*** Material to process Section Begins ***

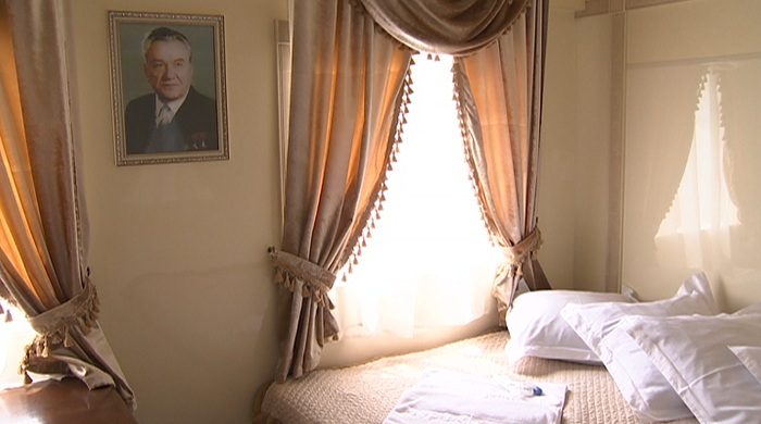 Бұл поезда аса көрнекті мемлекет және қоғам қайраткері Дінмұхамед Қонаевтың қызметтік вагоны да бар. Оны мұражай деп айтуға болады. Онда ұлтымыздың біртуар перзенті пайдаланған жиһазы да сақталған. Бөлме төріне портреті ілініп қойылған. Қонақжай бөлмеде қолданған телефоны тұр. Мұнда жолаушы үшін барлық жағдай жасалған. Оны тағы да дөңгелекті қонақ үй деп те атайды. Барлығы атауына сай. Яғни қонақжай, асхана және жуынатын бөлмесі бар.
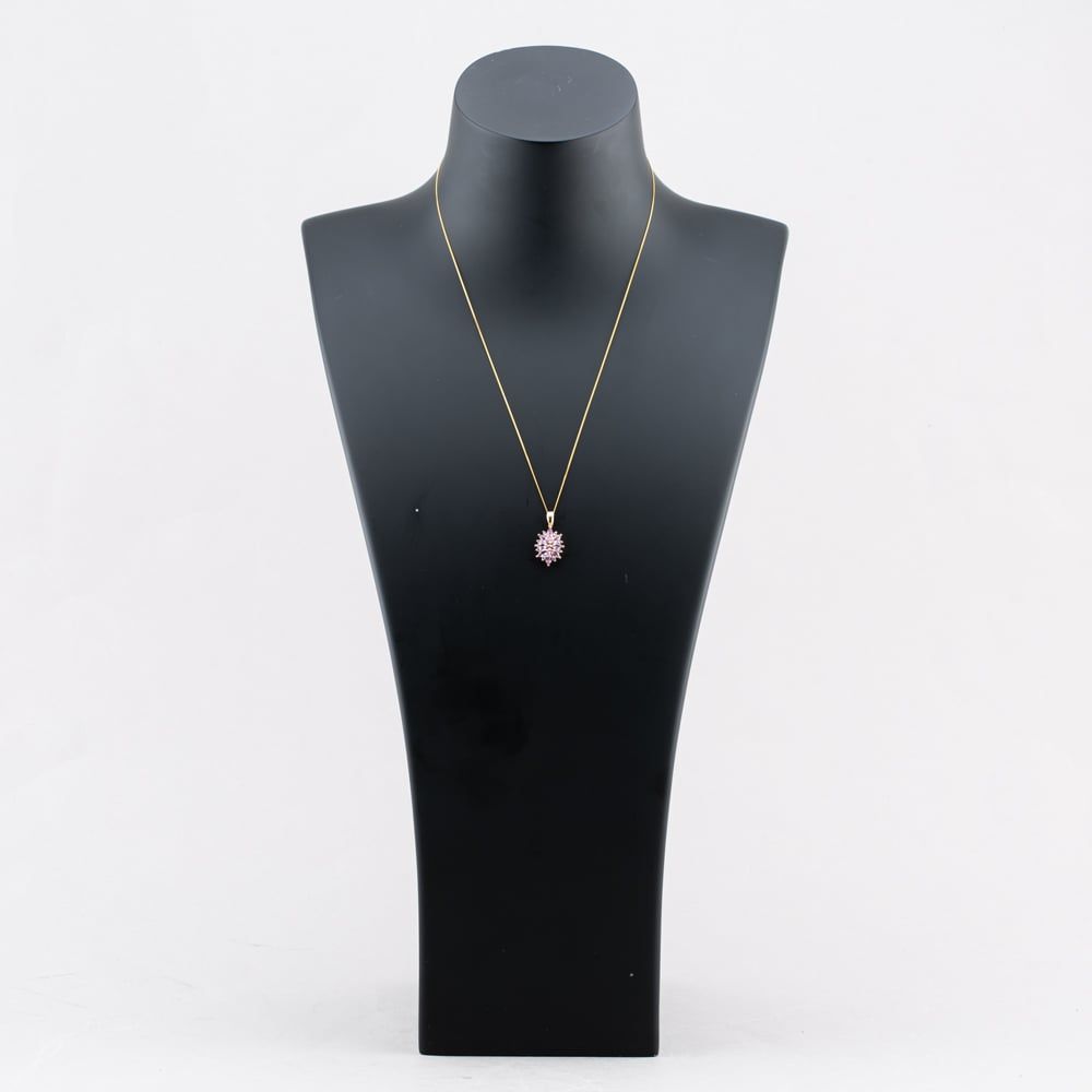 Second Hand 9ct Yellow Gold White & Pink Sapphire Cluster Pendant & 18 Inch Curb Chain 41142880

*** Material to process Section Ends ***
*** Material to process Section Begins ***

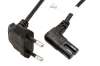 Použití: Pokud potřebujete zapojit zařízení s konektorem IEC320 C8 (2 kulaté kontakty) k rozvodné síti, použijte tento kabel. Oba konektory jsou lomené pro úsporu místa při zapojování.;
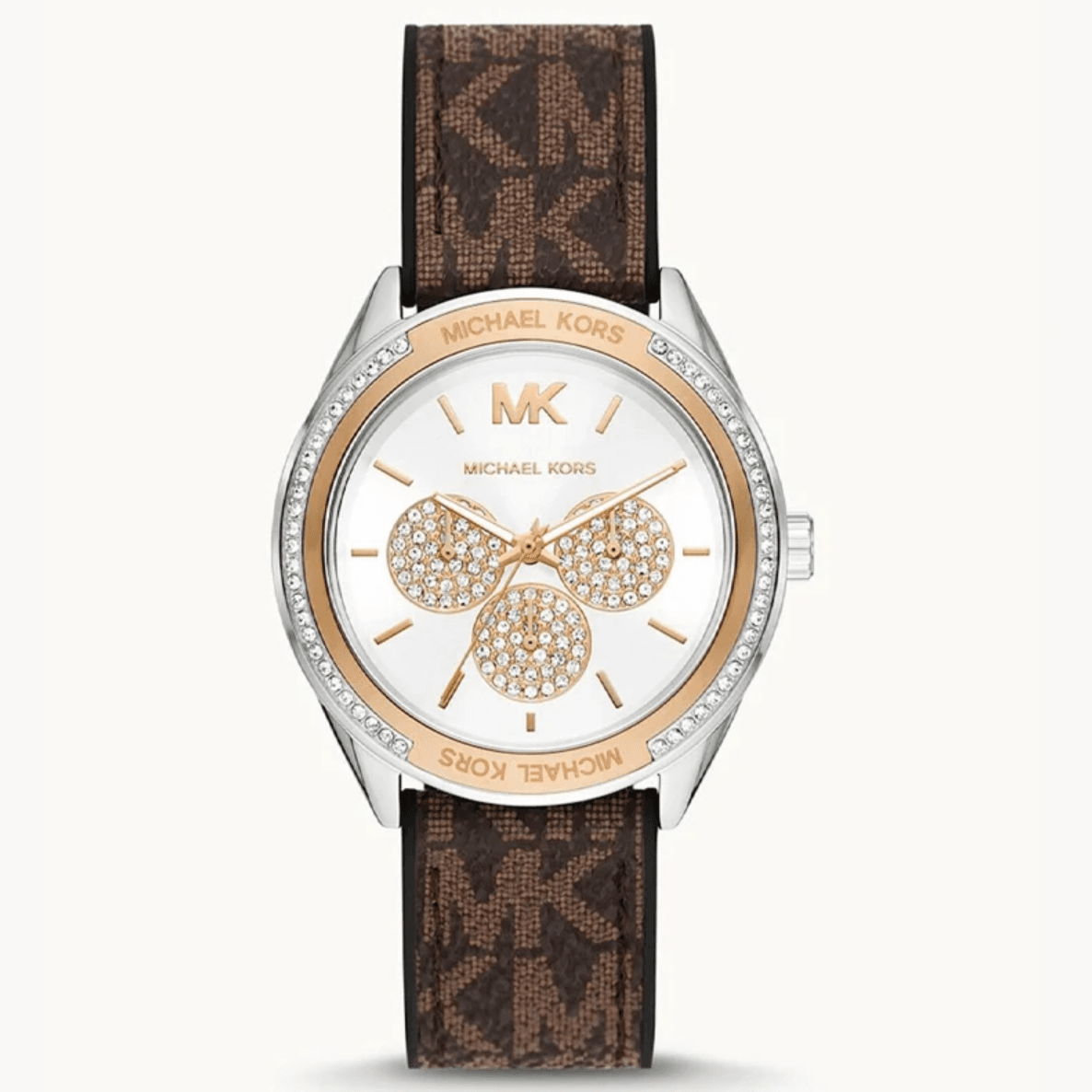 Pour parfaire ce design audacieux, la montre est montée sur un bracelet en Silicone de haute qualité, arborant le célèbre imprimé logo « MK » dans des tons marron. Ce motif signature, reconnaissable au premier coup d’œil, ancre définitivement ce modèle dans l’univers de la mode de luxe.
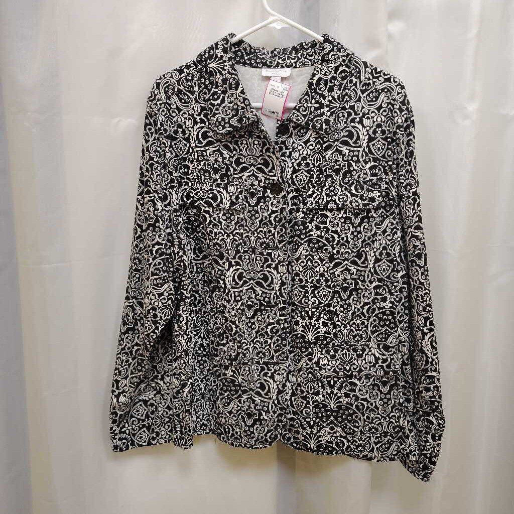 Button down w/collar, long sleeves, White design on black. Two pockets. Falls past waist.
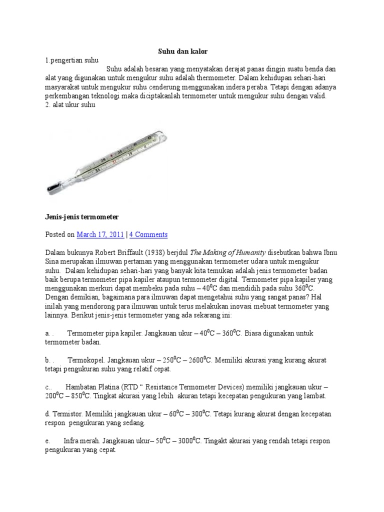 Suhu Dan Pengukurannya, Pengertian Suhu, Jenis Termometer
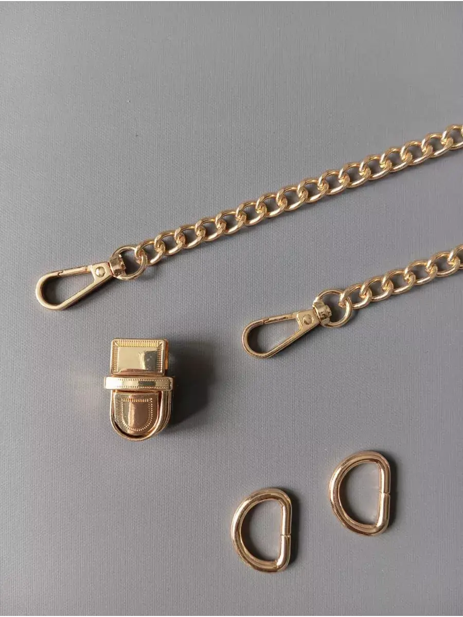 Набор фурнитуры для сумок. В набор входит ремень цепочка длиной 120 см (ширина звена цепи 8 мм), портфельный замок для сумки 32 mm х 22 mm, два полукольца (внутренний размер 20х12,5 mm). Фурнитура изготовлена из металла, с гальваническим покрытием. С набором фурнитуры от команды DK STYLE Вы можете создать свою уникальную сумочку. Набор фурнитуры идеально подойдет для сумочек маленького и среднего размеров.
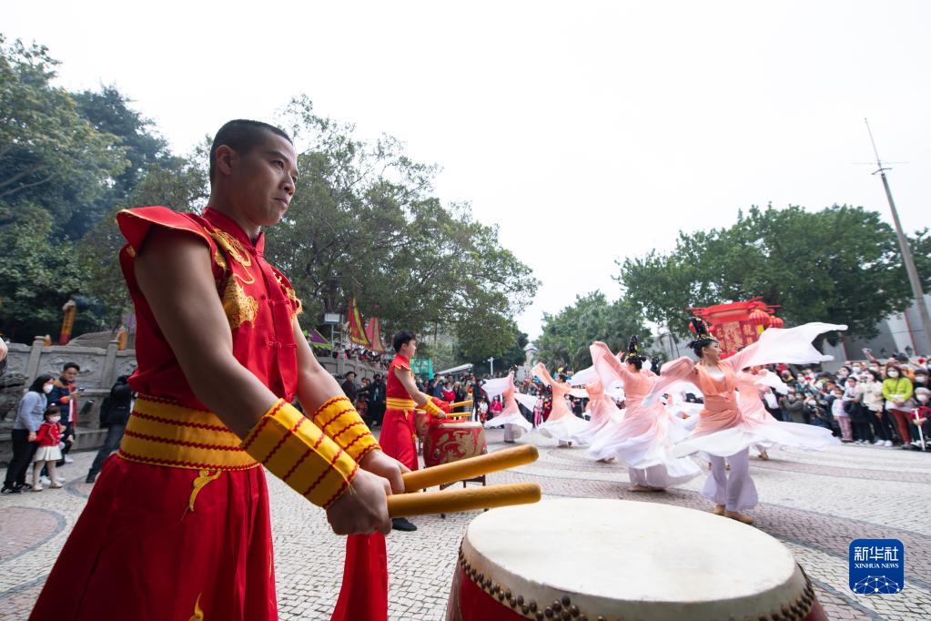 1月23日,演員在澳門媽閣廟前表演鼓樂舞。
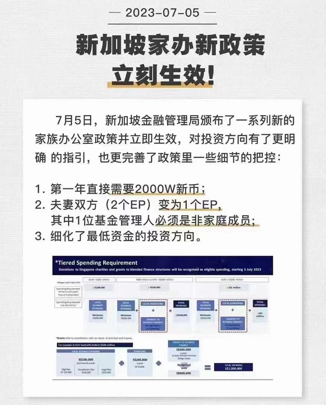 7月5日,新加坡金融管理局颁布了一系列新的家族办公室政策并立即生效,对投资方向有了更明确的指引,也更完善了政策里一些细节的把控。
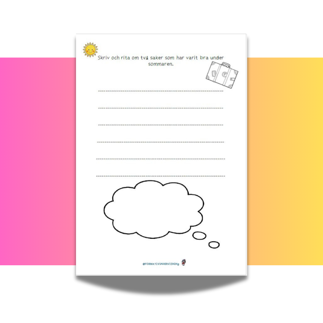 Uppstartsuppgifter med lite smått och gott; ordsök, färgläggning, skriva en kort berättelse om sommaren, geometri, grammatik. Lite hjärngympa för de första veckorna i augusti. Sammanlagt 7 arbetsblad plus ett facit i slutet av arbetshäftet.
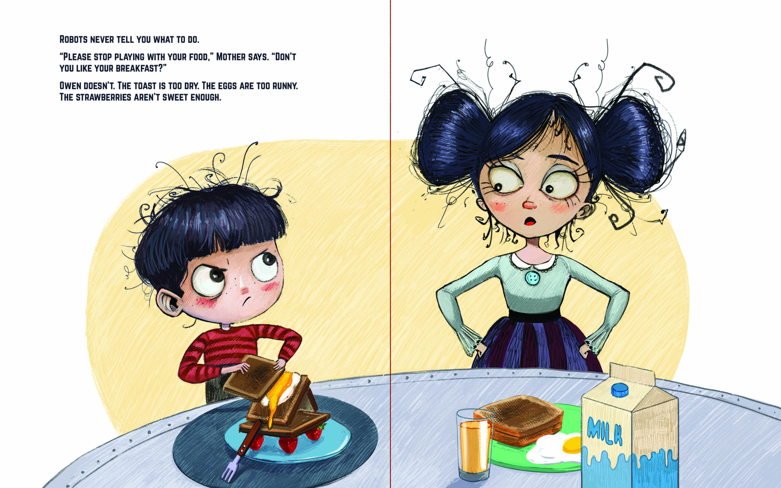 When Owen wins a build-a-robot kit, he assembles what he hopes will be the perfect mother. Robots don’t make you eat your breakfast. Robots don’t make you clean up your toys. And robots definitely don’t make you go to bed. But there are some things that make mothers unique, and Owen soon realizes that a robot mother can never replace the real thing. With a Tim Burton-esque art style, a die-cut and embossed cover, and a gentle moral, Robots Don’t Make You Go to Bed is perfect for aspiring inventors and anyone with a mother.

*** Material to process Section Ends ***

Assigned task: Keep to the stretch from the line containing "Použití: Pokud potřebujete" through the line containing "Suhu Dan Pengukurannya, Pengertian", both ends included, and copy it exactly from the listing above, minus the pictures.

Task output:
 Použití: Pokud potřebujete zapojit zařízení s konektorem IEC320 C8 (2 kulaté kontakty) k rozvodné síti, použijte tento kabel. Oba konektory jsou lomené pro úsporu místa při zapojování.;
 Pour parfaire ce design audacieux, la montre est montée sur un bracelet en Silicone de haute qualité, arborant le célèbre imprimé logo « MK » dans des tons marron. Ce motif signature, reconnaissable au premier coup d’œil, ancre définitivement ce modèle dans l’univers de la mode de luxe.
 Button down w/collar, long sleeves, White design on black. Two pockets. Falls past waist.
 Suhu Dan Pengukurannya, Pengertian Suhu, Jenis Termometer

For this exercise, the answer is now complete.